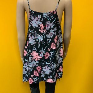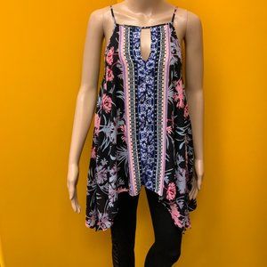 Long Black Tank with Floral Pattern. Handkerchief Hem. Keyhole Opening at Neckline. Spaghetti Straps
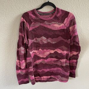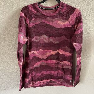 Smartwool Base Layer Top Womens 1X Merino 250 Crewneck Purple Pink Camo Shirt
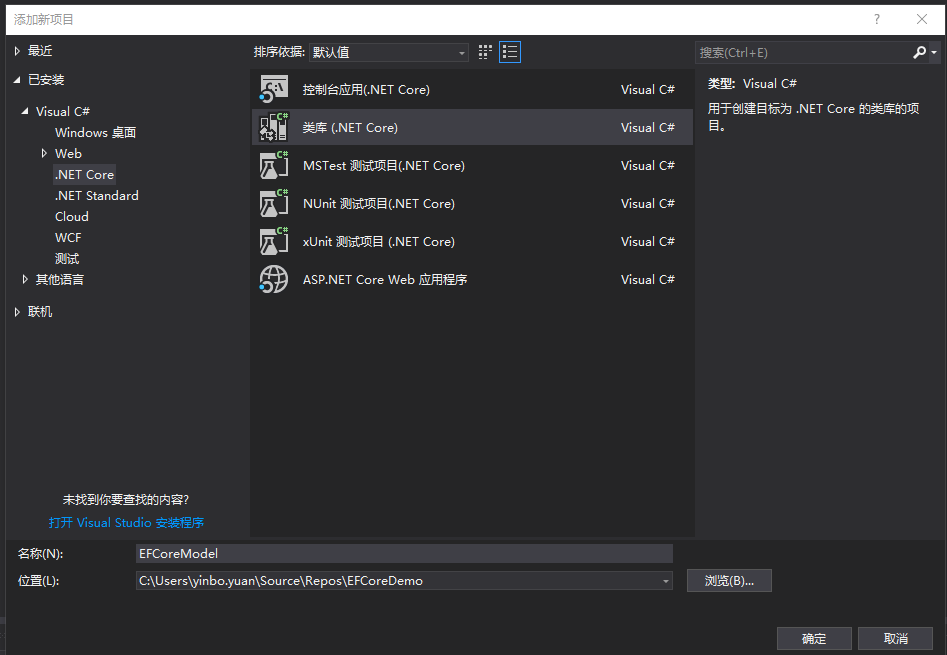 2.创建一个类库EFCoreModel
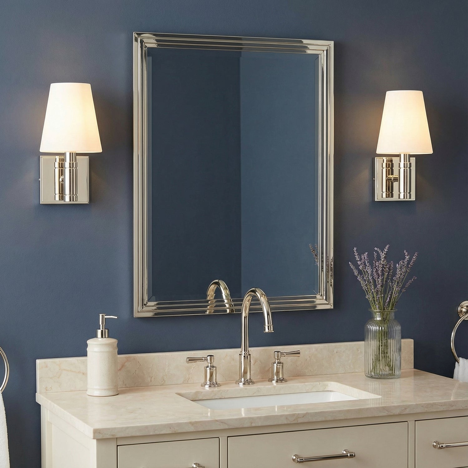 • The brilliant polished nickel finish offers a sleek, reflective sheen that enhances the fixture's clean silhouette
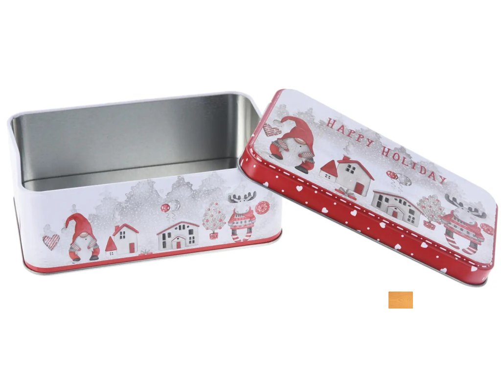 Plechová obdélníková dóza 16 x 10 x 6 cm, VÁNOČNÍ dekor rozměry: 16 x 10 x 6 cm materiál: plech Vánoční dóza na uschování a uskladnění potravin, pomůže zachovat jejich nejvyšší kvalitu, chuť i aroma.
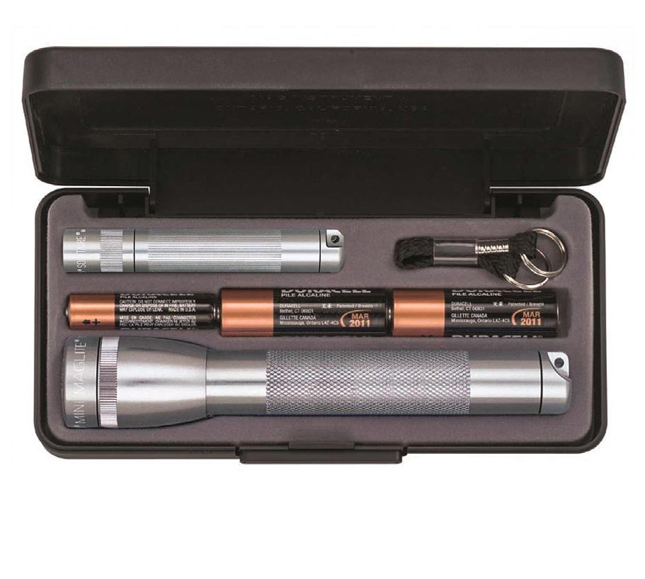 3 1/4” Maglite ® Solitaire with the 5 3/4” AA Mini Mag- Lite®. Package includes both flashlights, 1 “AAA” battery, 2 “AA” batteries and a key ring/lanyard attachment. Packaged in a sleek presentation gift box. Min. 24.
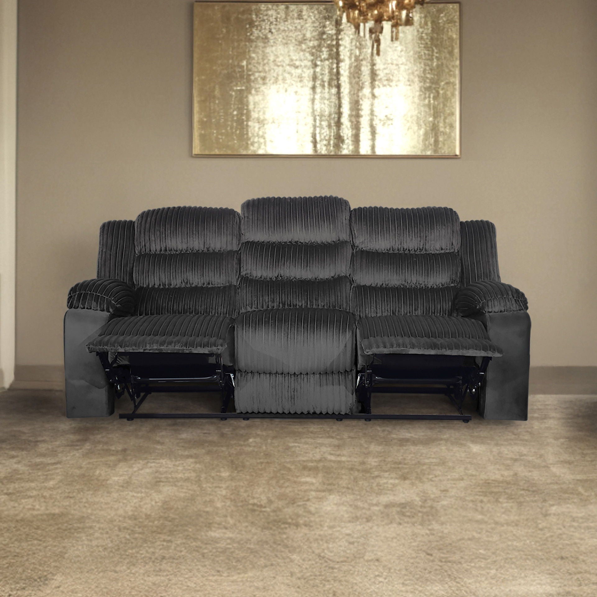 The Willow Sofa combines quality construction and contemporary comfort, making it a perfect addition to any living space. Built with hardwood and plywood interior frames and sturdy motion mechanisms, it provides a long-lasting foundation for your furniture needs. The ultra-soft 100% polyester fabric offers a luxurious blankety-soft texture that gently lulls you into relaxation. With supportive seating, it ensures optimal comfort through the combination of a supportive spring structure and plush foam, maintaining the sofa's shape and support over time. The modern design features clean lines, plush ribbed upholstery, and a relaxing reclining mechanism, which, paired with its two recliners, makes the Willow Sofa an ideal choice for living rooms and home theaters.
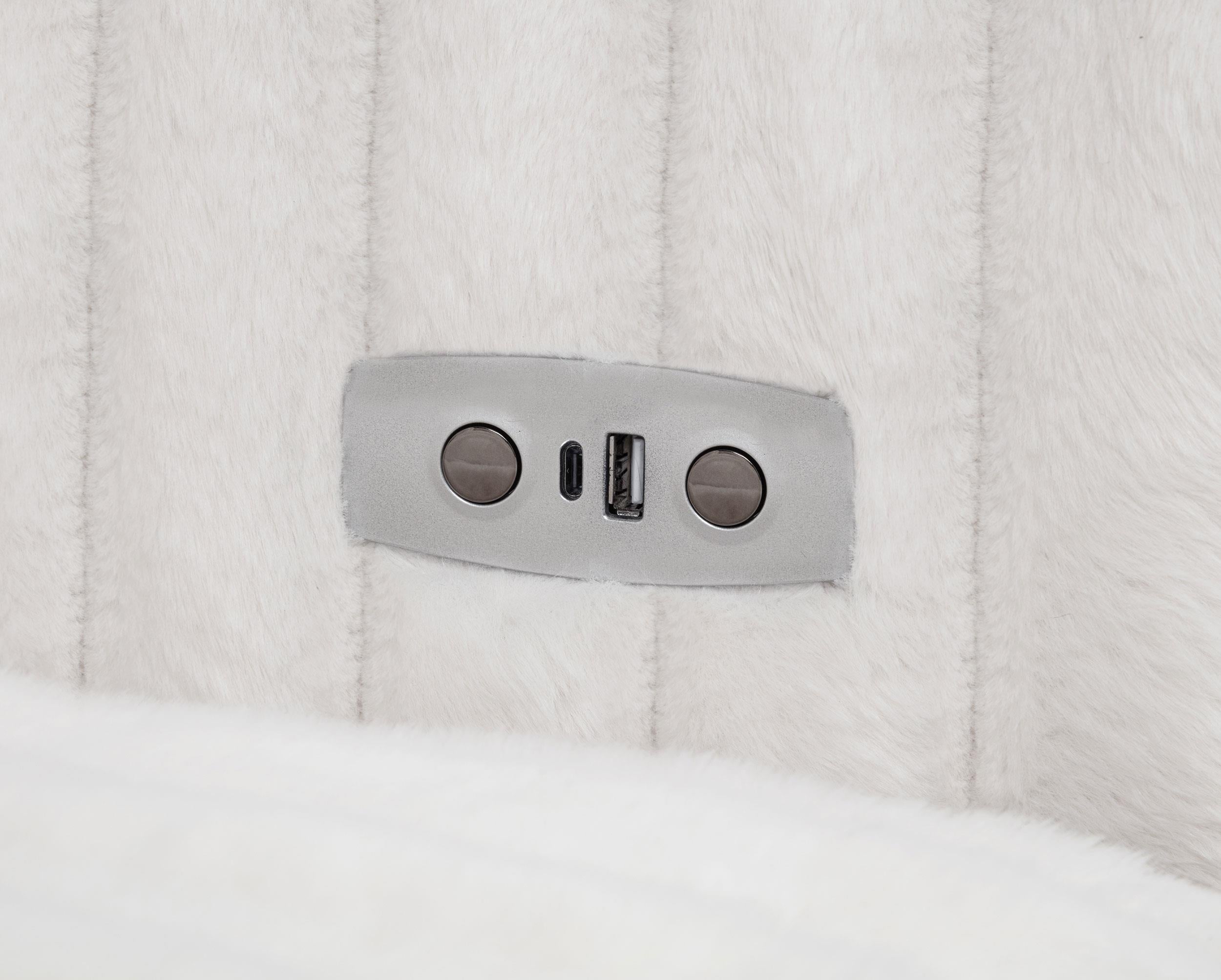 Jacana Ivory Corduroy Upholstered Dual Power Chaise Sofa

* Task item
Should there be pictures in the data, leave them out and return the rest exactly.

* Solution to the problem
 Long Black Tank with Floral Pattern. Handkerchief Hem. Keyhole Opening at Neckline. Spaghetti Straps
 Smartwool Base Layer Top Womens 1X Merino 250 Crewneck Purple Pink Camo Shirt
 2.创建一个类库EFCoreModel
 • The brilliant polished nickel finish offers a sleek, reflective sheen that enhances the fixture's clean silhouette
 Plechová obdélníková dóza 16 x 10 x 6 cm, VÁNOČNÍ dekor rozměry: 16 x 10 x 6 cm materiál: plech Vánoční dóza na uschování a uskladnění potravin, pomůže zachovat jejich nejvyšší kvalitu, chuť i aroma.
 3 1/4” Maglite ® Solitaire with the 5 3/4” AA Mini Mag- Lite®. Package includes both flashlights, 1 “AAA” battery, 2 “AA” batteries and a key ring/lanyard attachment. Packaged in a sleek presentation gift box. Min. 24.
 The Willow Sofa combines quality construction and contemporary comfort, making it a perfect addition to any living space. Built with hardwood and plywood interior frames and sturdy motion mechanisms, it provides a long-lasting foundation for your furniture needs. The ultra-soft 100% polyester fabric offers a luxurious blankety-soft texture that gently lulls you into relaxation. With supportive seating, it ensures optimal comfort through the combination of a supportive spring structure and plush foam, maintaining the sofa's shape and support over time. The modern design features clean lines, plush ribbed upholstery, and a relaxing reclining mechanism, which, paired with its two recliners, makes the Willow Sofa an ideal choice for living rooms and home theaters.
 Jacana Ivory Corduroy Upholstered Dual Power Chaise Sofa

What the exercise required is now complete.